Девушка презрительно повела плечом и, приоткрыв соседнюю дверь, вышла из помещения.
Агнесса поднялась наверх, оставив в одиночестве старуху; прошла по коридору до крайней двери и постучала негромко. Никто не ответил, тогда Агнесса толкнула дверь, и та поддалась. Она шагнула внутрь, в небольшую комнату с единственным маленьким оконцем, и знакомый, но в то же время странно изменившийся голос спросил:
— Это ты, Молли?
— Нет, это я, Агнес! — ответила Агнесса.
Она сделала еще один шаг и получила возможность увидеть все, что хотела увидеть. В комнате стояла грубая старая мебель, всего несколько предметов — стол, стул и кровать; помещение не освещалось ничем, кроме пробивающегося сквозь грязное оконце солнечного света; пол, стены, потолок были черны и голы. Единственный обитатель комнаты лежал на кровати; когда он повернул к Агнессе свое лицо, она вздрогнула и остановилась. Если б она видела этого человека год назад, когда он скрывался от погони в лесах и болотах в компании двух таких же существ, она бы не так испугалась сейчас; тогда она просто поняла бы, что к нему вернулся прошлогодний облик, вернулся за одним исключением: в глазах того человека была безумная злоба, отчаяние и страх, в глазах этого — почти ничего.
Джек ничего не сказал, он не двигался и лишь смотрел на нее из-под полуприкрытых век. Дыхание его было прерывистым и тяжелым.
Агнесса не заметила в комнате никаких следов еды, ни крошки; кувшин для воды тоже был пуст.

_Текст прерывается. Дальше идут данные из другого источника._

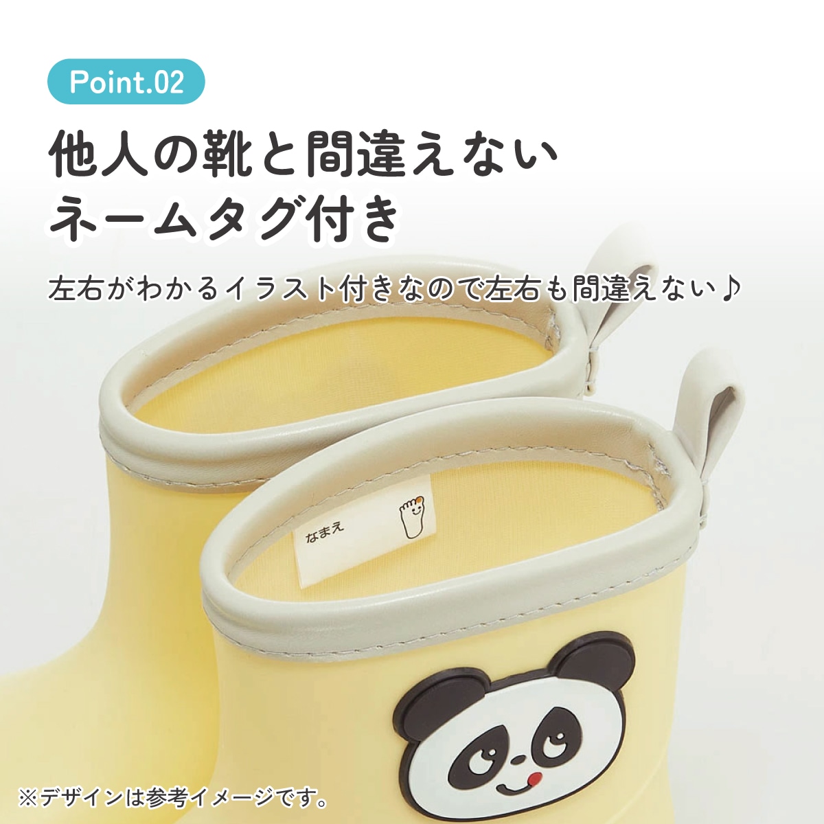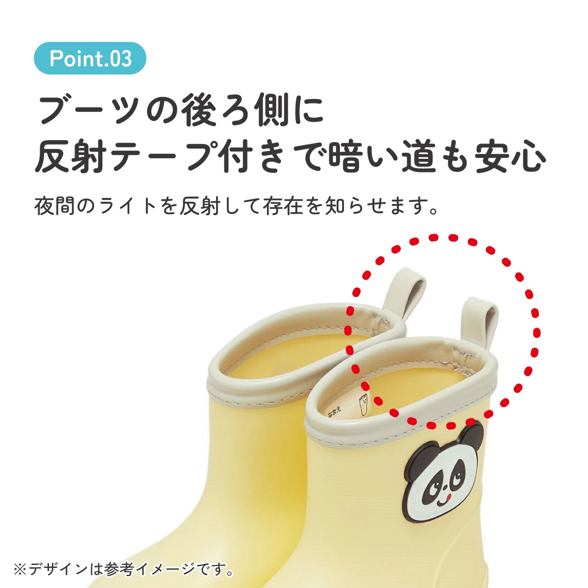 ブーツの後ろ側に雨の日に安心な反射テープ付き。

— Господи, Джек, что случилось? — в отчаянии прошептала она, подходя ближе. — Тебе плохо?
Он молчал, отчужденно глядя на нее, как на незнакомку. Агнессе стало страшно: она никогда не видела его таким.
— Почему ты такой худой? Ты что-нибудь ешь?

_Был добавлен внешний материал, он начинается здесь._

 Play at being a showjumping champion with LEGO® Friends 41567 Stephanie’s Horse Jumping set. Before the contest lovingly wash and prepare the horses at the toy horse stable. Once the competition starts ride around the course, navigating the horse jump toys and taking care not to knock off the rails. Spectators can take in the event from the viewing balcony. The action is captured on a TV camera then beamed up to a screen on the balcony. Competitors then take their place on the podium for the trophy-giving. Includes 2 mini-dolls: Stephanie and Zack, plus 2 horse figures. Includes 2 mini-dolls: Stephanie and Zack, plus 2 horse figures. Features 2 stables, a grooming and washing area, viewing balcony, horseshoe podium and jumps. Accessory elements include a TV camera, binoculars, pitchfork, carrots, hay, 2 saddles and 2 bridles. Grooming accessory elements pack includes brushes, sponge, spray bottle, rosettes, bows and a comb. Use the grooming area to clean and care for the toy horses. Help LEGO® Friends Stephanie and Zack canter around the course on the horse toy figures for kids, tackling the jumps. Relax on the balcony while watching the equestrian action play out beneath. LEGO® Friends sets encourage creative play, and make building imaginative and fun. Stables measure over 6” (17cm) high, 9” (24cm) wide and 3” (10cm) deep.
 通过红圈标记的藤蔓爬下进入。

— Нет, — ответил он наконец, с большим трудом ворочая языком, — мне не хочется… Агнес, принеси мне воды… Молли не заходила сегодня, а я почти не встаю…
— Да-да, сейчас! — Агнесса схватила посудину и выбежала за дверь.
Она наполнила внизу кувшин, принесла в комнату и поддерживала голову Джека, пока он жадно пил.
— Что с тобой? — повторила она, чувствуя жар, исходящий от его тела, — давно ты заболел?
— Не помню. Кажется, давно…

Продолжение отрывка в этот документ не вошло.